Southwell has a leisure centre run by a local trust, with trustees from the community; the district council also provides limited support.

==International relations==
The town is twinned with:
- Sées in France
- Sarzana in Italy
- Český Brod in the Czech Republic.

==Notable people==
In order of birth:
- St Edburga of Repton was translated from Repton Abbey to Southwell and died here about AD 700
- Ælfric Puttoc (died 1051), Archbishop of York, died here
- Geoffrey Plantagenet, natural son of King Henry II of England and Archbishop of York, was ordained priest here in 1181
- Matthew Sylvester (c. 1636–1708), Nonconformist minister and religious writer, was born here
- Thomas Spofforth (1743–1826), organist, died here.
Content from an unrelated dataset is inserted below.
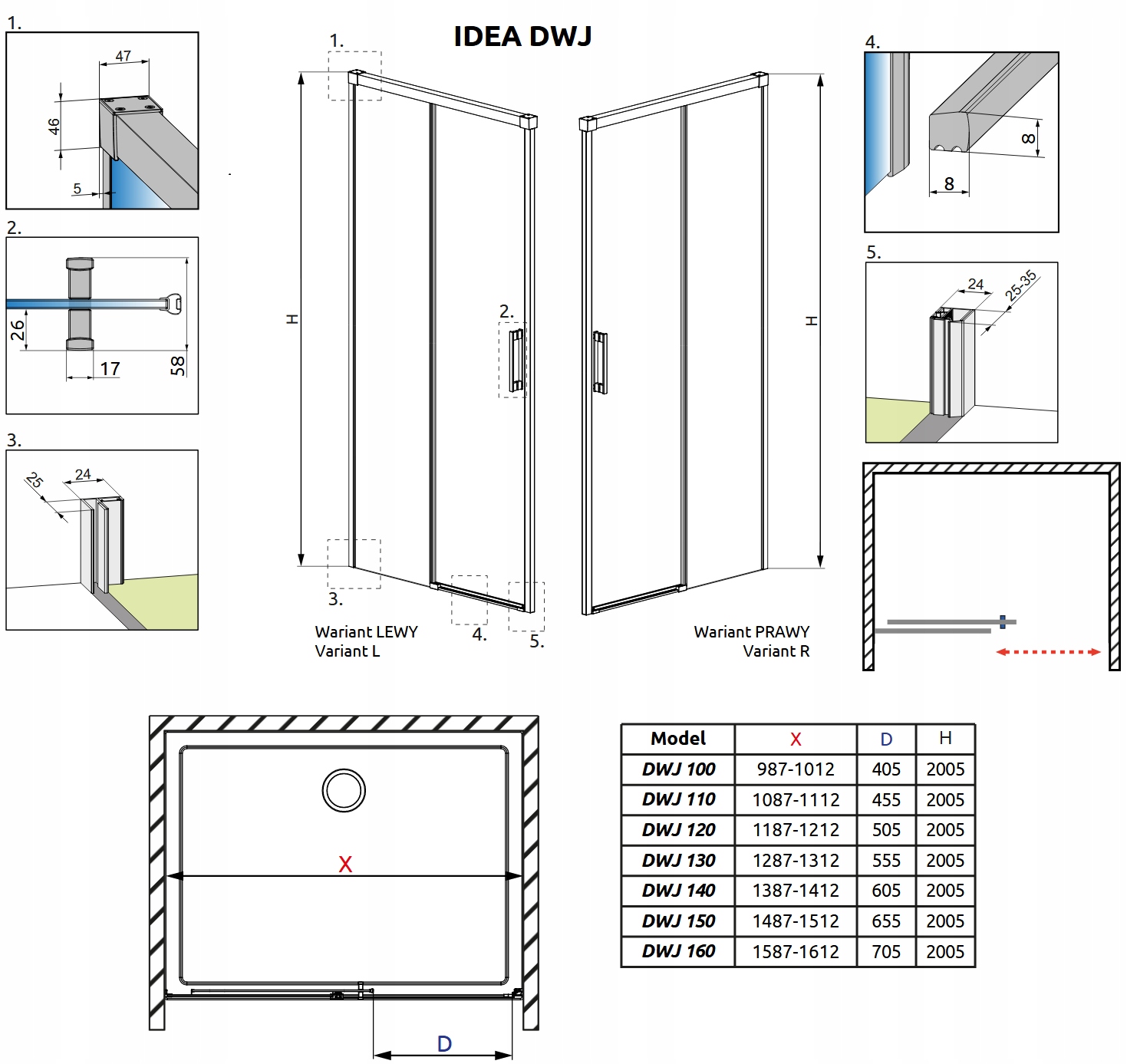 Идея дверей для душа dwj black 140x200.5 radaway

- John Spray (c. 1768–1827), tenor singer and vicar choral for the Dublin cathedrals, was born here and sang as a boy in the Minster Choir
- Reginald Spofforth (1769–1827), composer and organist, was baptised here
- Mary Ann Brailsford, who grew the first Bramley cooking apple tree from seed, was baptised here in May 1791
- Rev. John Thomas Becher (1770–1848), cleric, social reformer and friend of Lord Byron, was Vicar-General of Southwell Minster in 1818–1840
- Richard Ingleman (1777–1838), architect and surveyor, died here
- Henry Stenton (1815–1887) was a first-class cricketer and Southwell solicitor
- Francis Tinley (1819–1889), first-class cricketer with Nottinghamshire, was born here, as was his first-class cricketing brother Vincent Tinley (1828–1899)
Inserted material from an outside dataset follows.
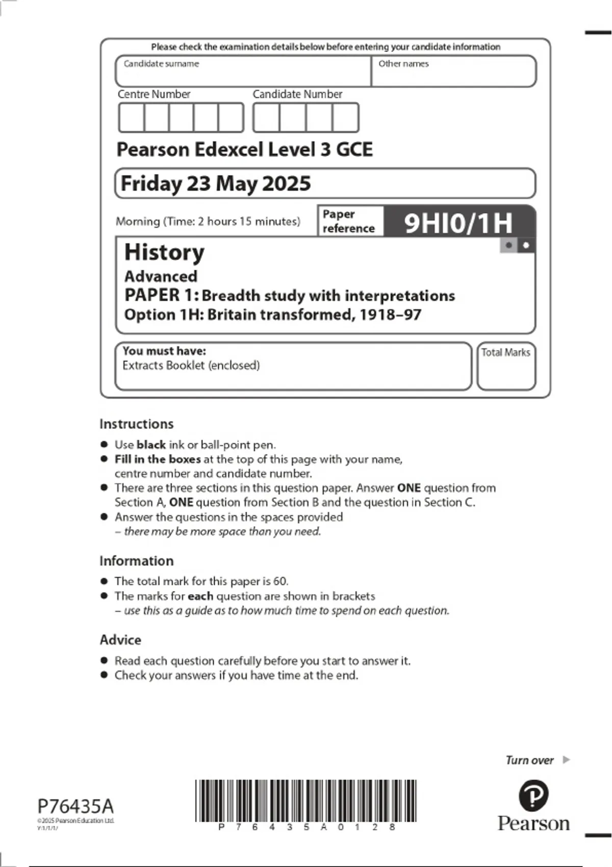 2025 Pearson Edexcel Level 3 GCE History Advanced PAPER 1: Breadth study with interpretations Option 1H: Britain transformed, 1918–97Combined Question Paper & Final Marking Scheme

- Chappell Batchelor (1822–1884), organist and first-class cricketer, was born here and sang as a boy in the Minster Choir
- John Hatfield (1831–1889), first-class cricketer, was born here
- William Horsley (1835–1864), first-class cricketer, was born and died here
- Sebastian Smith (1869–1948), a stage and film actor, was born here
- Edmond Foljambe (1890–1960), first-class cricketer, was born here
- Ted Hufton (1892–1967), international footballer, was born here
- Sir Joseph Lockwood (1904–1991), whose company helped to finance The Beatles, was born here
- Bernard William Jewry (1942–2014), singer and actor known by the stage names Shane Fenton and later Alvin Stardust, attended Southwell Minster Collegiate School (now The Minster School)
- Lilian Greenwood (born 1966), Labour MP for Nottingham South, lived in Southwell 1999–2020
- Mathew Horne (born 1978), actor who is best known for his role as Gavin Shipman in the British sitcom Gavin & Stacey, studied at the Minster School
- Robert Jenrick (born 1982), MP for Newark since 2014, rents a property here
- Hayley Turner (born 1983), jockey who attended the Minster School
- Tom Ryder (born 1985), rugby player, attended the Minster School
- Siân Welby (born 1986), television presenter and radio host, attended the Minster School
- Scott Loach (born 1988), league footballer, attended the Minster School and played for Southwell United as a youth.

==See also==
- Dumble – a local word used to refer to a small wooded area
- Hockerwood – a historic deer park in the area.